*** RECORDED INFORMATION ***

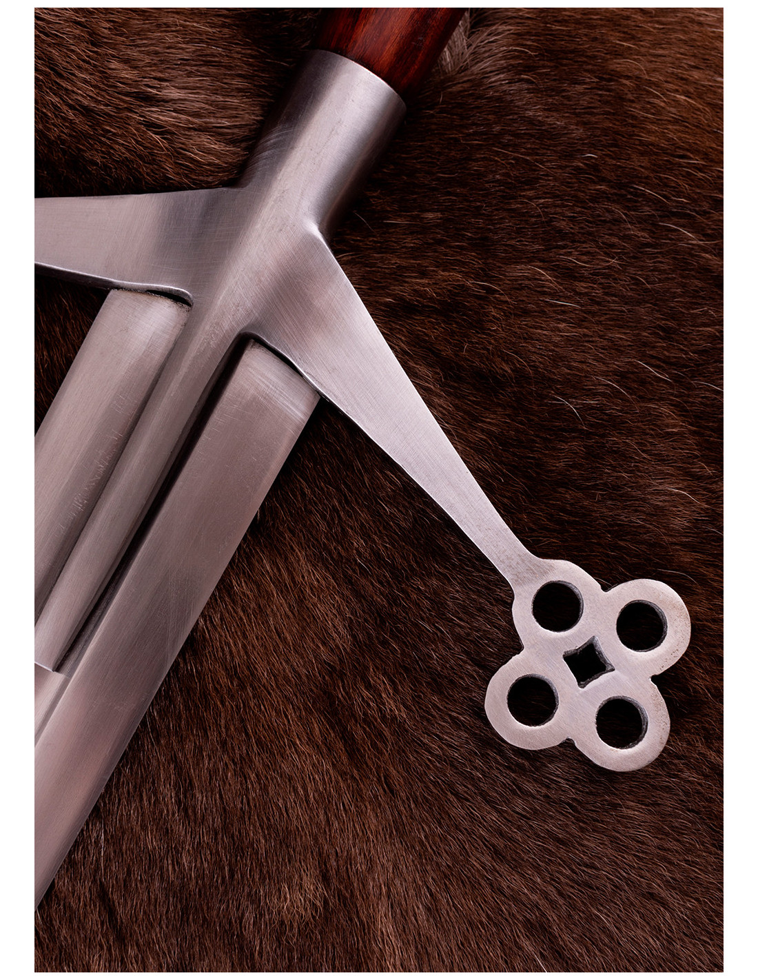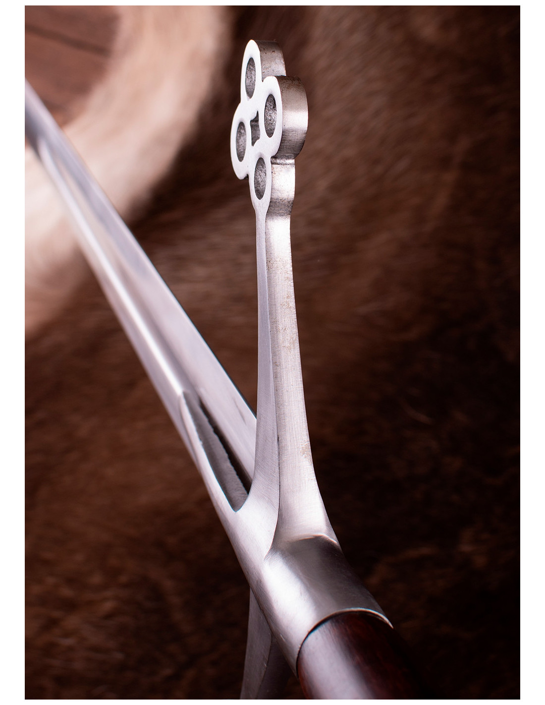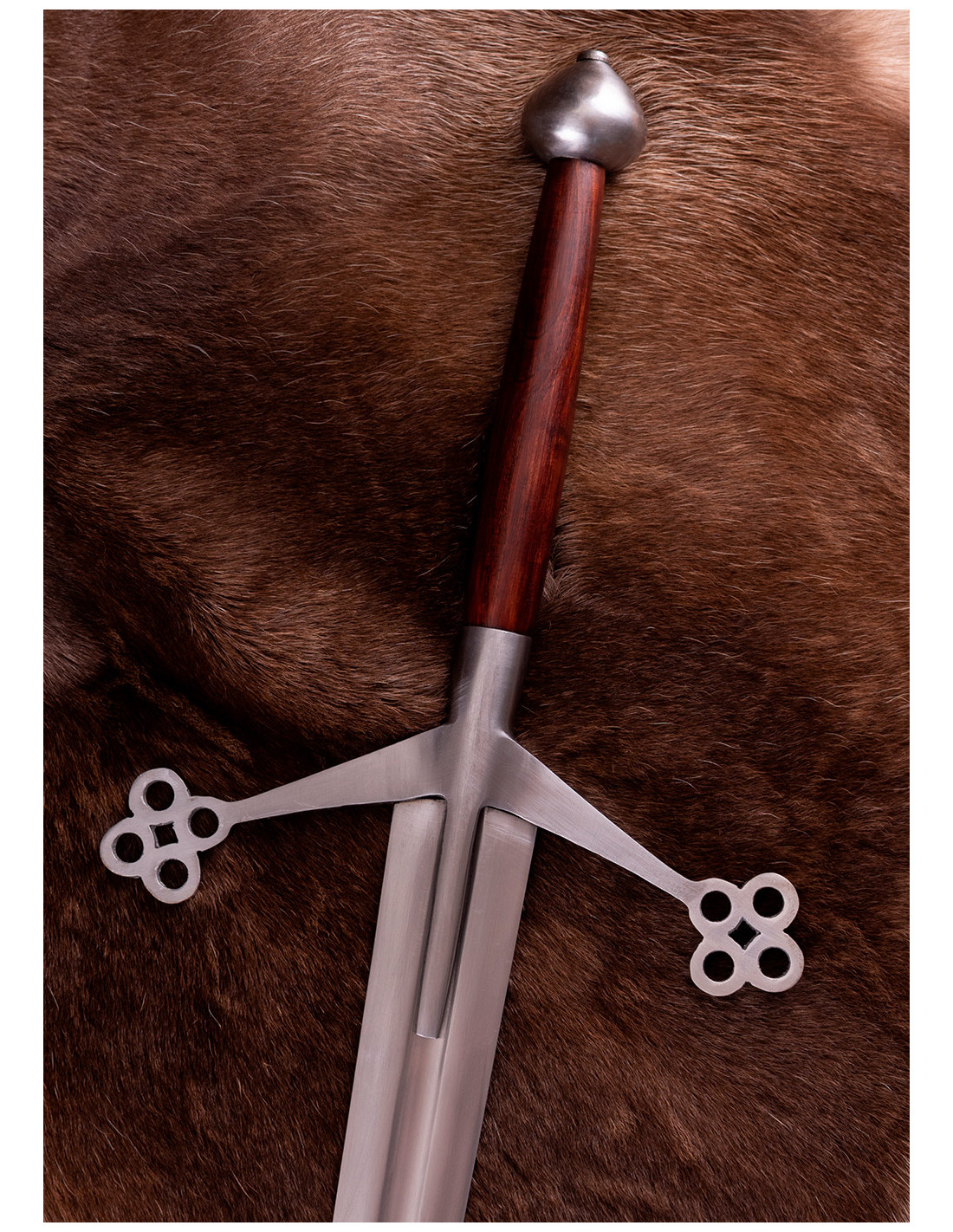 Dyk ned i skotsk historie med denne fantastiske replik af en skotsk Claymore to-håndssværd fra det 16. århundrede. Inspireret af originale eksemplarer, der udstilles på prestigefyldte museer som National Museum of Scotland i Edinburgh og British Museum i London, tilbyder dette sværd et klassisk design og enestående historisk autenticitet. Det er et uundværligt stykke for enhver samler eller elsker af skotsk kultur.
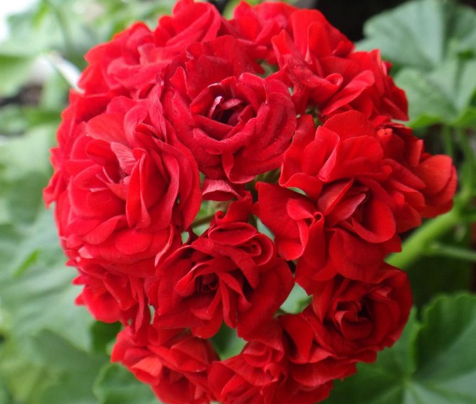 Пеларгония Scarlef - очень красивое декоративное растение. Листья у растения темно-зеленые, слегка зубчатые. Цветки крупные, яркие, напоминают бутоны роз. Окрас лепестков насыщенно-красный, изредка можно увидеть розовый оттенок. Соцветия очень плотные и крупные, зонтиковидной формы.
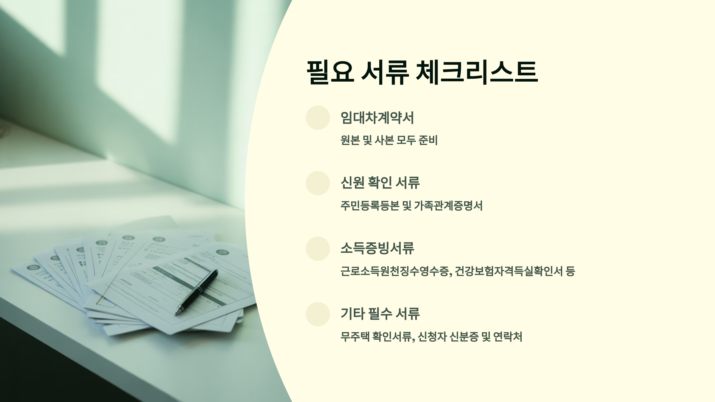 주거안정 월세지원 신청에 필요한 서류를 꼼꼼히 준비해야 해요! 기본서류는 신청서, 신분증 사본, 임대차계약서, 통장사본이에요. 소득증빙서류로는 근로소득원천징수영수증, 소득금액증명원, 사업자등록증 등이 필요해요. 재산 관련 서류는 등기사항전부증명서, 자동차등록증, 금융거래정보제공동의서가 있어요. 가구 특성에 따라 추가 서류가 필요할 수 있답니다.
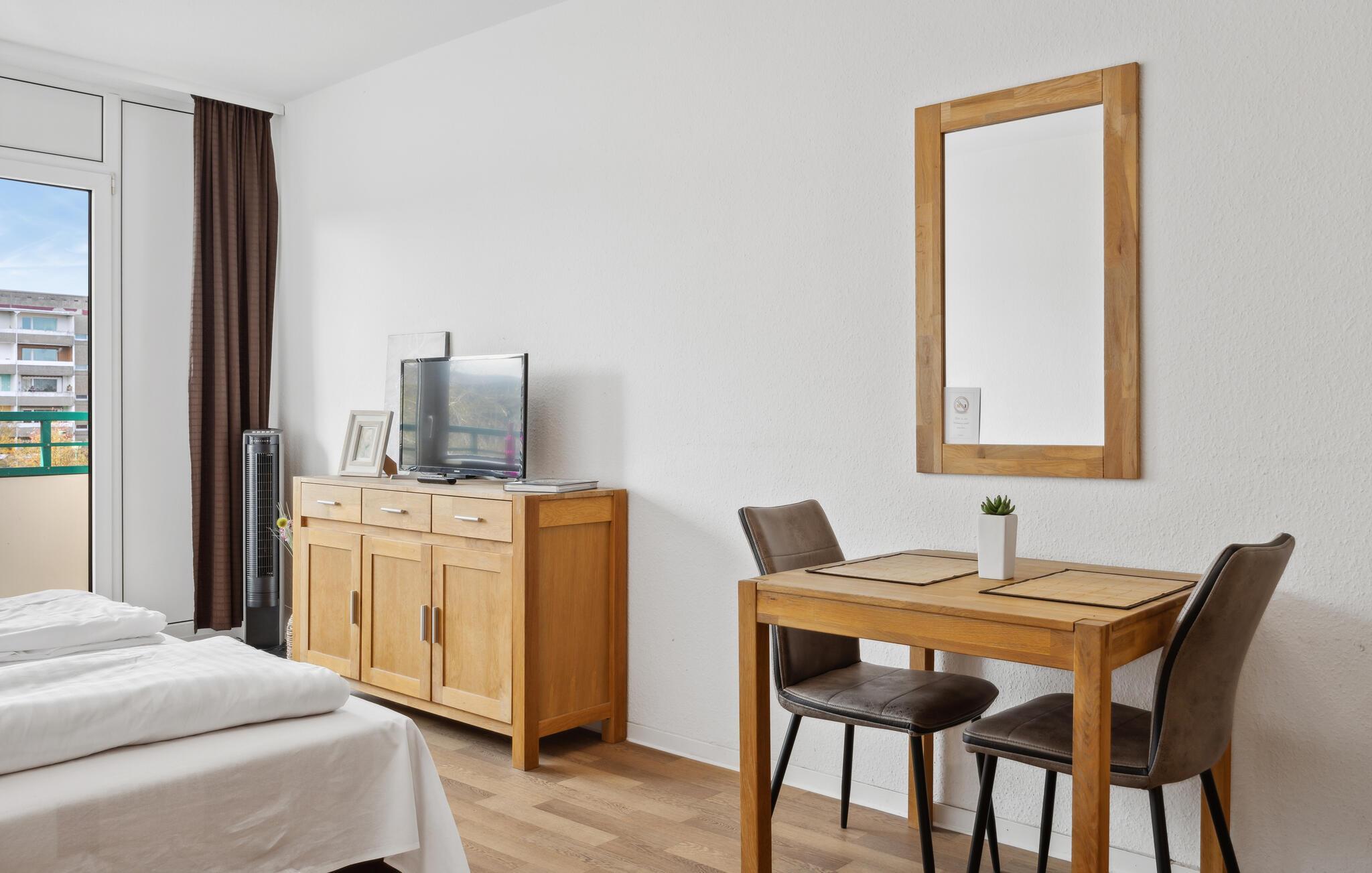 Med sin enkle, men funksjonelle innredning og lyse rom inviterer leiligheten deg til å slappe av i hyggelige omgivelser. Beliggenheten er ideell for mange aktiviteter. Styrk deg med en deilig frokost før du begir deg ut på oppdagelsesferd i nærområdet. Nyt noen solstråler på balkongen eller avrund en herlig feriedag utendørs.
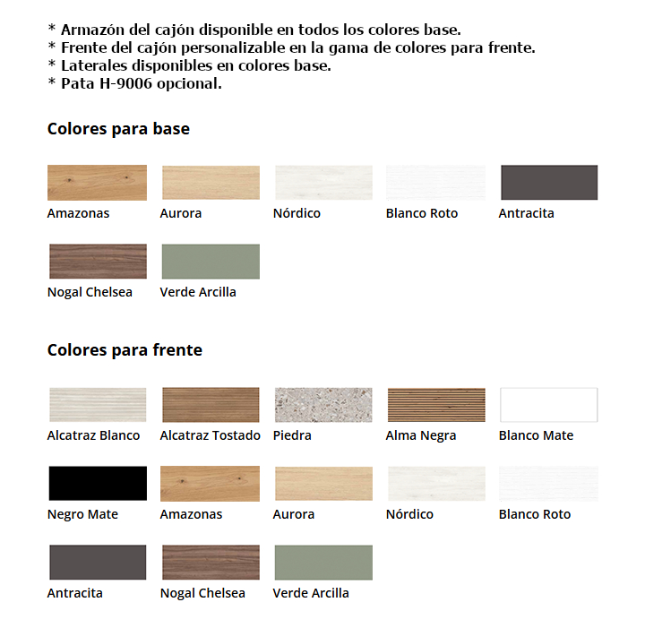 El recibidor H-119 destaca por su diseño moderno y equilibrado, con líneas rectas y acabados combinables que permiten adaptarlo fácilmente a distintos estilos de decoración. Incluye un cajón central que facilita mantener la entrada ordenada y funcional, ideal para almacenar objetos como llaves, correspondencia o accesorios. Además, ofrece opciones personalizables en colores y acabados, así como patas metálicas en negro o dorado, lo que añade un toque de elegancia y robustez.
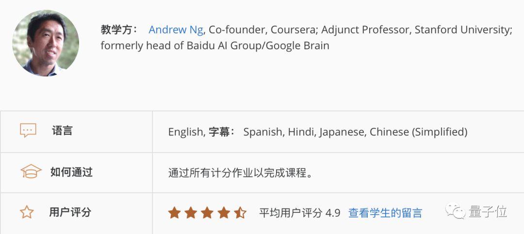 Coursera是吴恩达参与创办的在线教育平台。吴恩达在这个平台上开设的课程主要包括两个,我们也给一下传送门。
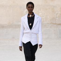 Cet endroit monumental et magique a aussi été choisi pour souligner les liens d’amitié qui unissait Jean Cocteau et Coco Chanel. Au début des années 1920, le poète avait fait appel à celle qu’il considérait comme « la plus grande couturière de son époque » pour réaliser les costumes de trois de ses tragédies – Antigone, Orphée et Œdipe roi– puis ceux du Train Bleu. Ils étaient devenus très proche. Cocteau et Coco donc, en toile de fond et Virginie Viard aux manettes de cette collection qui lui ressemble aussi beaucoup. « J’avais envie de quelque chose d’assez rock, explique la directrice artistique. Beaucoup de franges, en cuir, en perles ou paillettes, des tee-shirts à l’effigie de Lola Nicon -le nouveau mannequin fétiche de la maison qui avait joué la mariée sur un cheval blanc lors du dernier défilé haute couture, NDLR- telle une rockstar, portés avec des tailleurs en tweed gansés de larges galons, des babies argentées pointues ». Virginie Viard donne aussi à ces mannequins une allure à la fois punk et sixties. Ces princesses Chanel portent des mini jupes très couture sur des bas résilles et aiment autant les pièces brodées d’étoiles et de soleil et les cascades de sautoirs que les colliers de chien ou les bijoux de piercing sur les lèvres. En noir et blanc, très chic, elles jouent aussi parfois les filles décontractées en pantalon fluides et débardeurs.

***

▶ _YOUR TASK_:
In the data above, start at the line holding "Пеларгония Scarlef - очень" and stop after the line holding "Med sin enkle, men"; write out those lines exactly, without pictures.

▶ _ANSWER FOR THE TASK_:
 Пеларгония Scarlef - очень красивое декоративное растение. Листья у растения темно-зеленые, слегка зубчатые. Цветки крупные, яркие, напоминают бутоны роз. Окрас лепестков насыщенно-красный, изредка можно увидеть розовый оттенок. Соцветия очень плотные и крупные, зонтиковидной формы.
 주거안정 월세지원 신청에 필요한 서류를 꼼꼼히 준비해야 해요! 기본서류는 신청서, 신분증 사본, 임대차계약서, 통장사본이에요. 소득증빙서류로는 근로소득원천징수영수증, 소득금액증명원, 사업자등록증 등이 필요해요. 재산 관련 서류는 등기사항전부증명서, 자동차등록증, 금융거래정보제공동의서가 있어요. 가구 특성에 따라 추가 서류가 필요할 수 있답니다.
 Med sin enkle, men funksjonelle innredning og lyse rom inviterer leiligheten deg til å slappe av i hyggelige omgivelser. Beliggenheten er ideell for mange aktiviteter. Styrk deg med en deilig frokost før du begir deg ut på oppdagelsesferd i nærområdet. Nyt noen solstråler på balkongen eller avrund en herlig feriedag utendørs.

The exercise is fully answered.